Sunday, June 12, 2011

Saying Good-Bye is not the Hard Part of Leaving

At the end of the month I will leave Cape Town and begin a slow trip back to the U.S. The hardest part about leaving a city I have come to know so well is not saying good-bye to friends and those we work with in the townships. Before long, I will be back here again, picking up with everyone where we left off. No, the hardest part is telling the people who have come to depend on me, in part, for their income, that I will no longer need their services.

I’m already in the process of closing up the apartment where I’ve stayed for the past few months. One day a week, Veronica has made the long commute from the township where she lives into Cape Town to clean my flat. It’s an efficiency apartment that I could have easily cleaned on my own, but helping to create a few jobs while I’m here seems like the least I could do to repay a country that has been so hospitable to me. Besides, coming home to an immaculate apartment, with all of my clothes crisply ironed and hanging in a closet, is a luxury I will miss when I’m back in Minneapolis and cleaning my own house.

This morning I told Veronica that this would be the last time I would need her to clean for me. Veronica took the news about as well as someone, who desperately needs the 200 rand I pay her each week, can. That’s less than $30. Not enough to survive on here, especially when food and gasoline costs are escalating rapidly.

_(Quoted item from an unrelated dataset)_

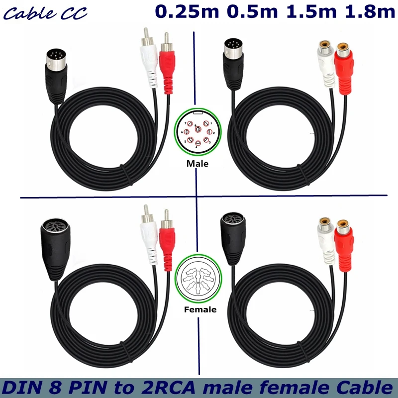 Comprar Cable conector Lotus Din de 8 pines a 2RCA, Adaptador de Audio macho y hembra, equipo de Audio, 0,5 m, 1,5 m

Friends who own a popular guesthouse in Cape Town introduced Veronica to me. They will continue to look out for her and find her work when they can, but with winter setting in and few tourists coming, it’s going to be a challenge for them to help her. A few weeks ago the lens of Veronica’s eyeglasses broke. Losing me as a client makes it less likely that she will replace her glasses anytime soon.

Later today I’ll get my haircut and tell my stylist that I probably won’t be back. She won’t miss cutting my hair. “You have Japan man hair,” she tells me. I take that to mean that my hair is very straight. I know it is a challenge for her to cut. She will, however, miss having a regular customer once a month. There are days when my stylist has only one client. She is trying to find a job waiting tables at night, but the bad economy and the lack of tourists make that an unlikely prospect.

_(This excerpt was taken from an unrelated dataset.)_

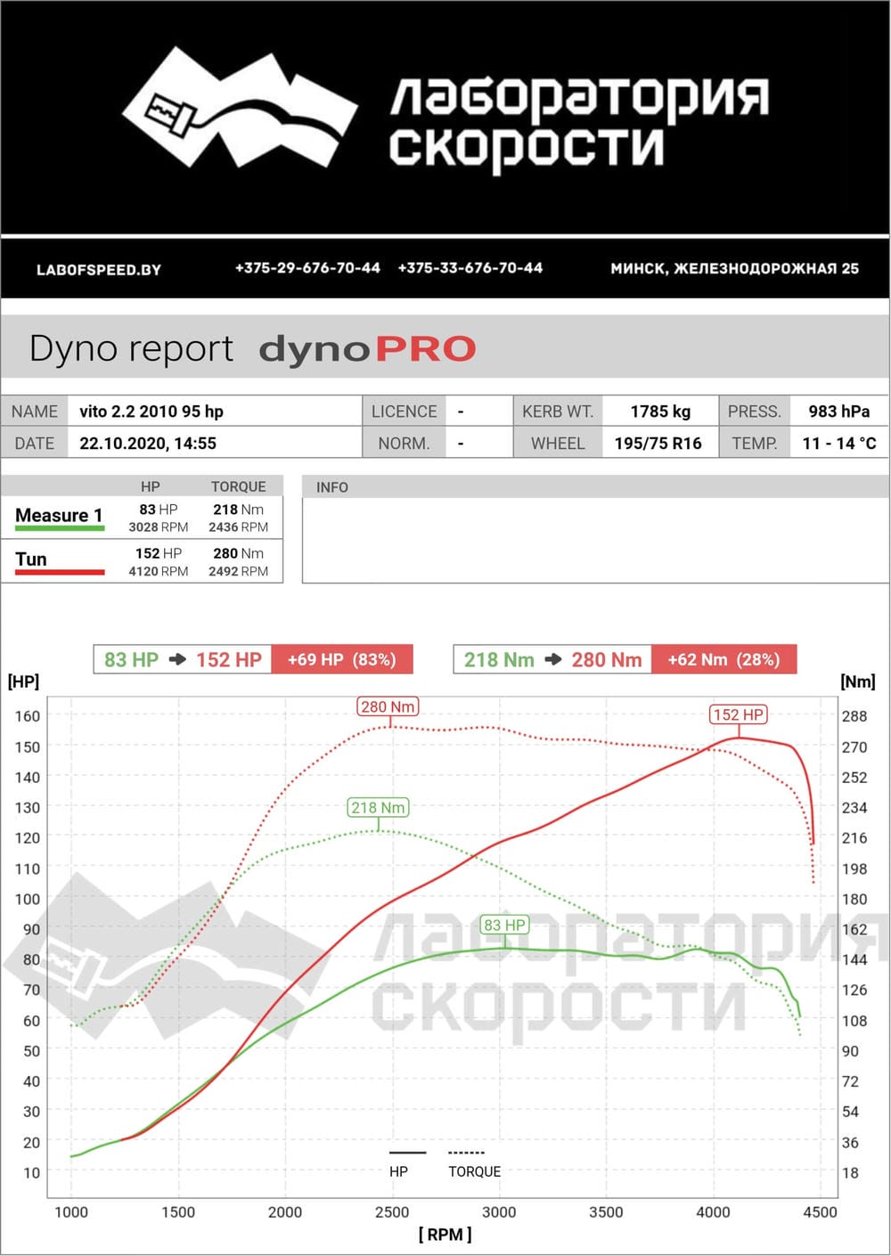Замеры чип-тюнинга Mercedes-Benz Vito W639 109 CDI MT L1H1 (95 л.с.) 2009

I only rent a car here when I need it and after this week I probably won’t need to have my own transportation. Before returning the rental to Avis, I will take it to be washed. The man who washes my car gets 10 rand, about $1.50, for doing so. The company that owns the car washing service keeps the remaining 35 rand it charges for a basic wash. As surprising as it sounds, the car washer will miss the 10 rand he earns and the 10 rand I tip him when he washes my car.

By the end of the week the only service person I will have left to tell I’m leaving is the man on the street corner in front of my apartment building who sells me the Cape Times newspaper every morning. I give him seven rand for a paper that costs 6.50 rand. It’s not much, a .50 rand tip every day, but over the course of a year that comes to about $20. A man’s got to sell a lot of newspapers to make that up.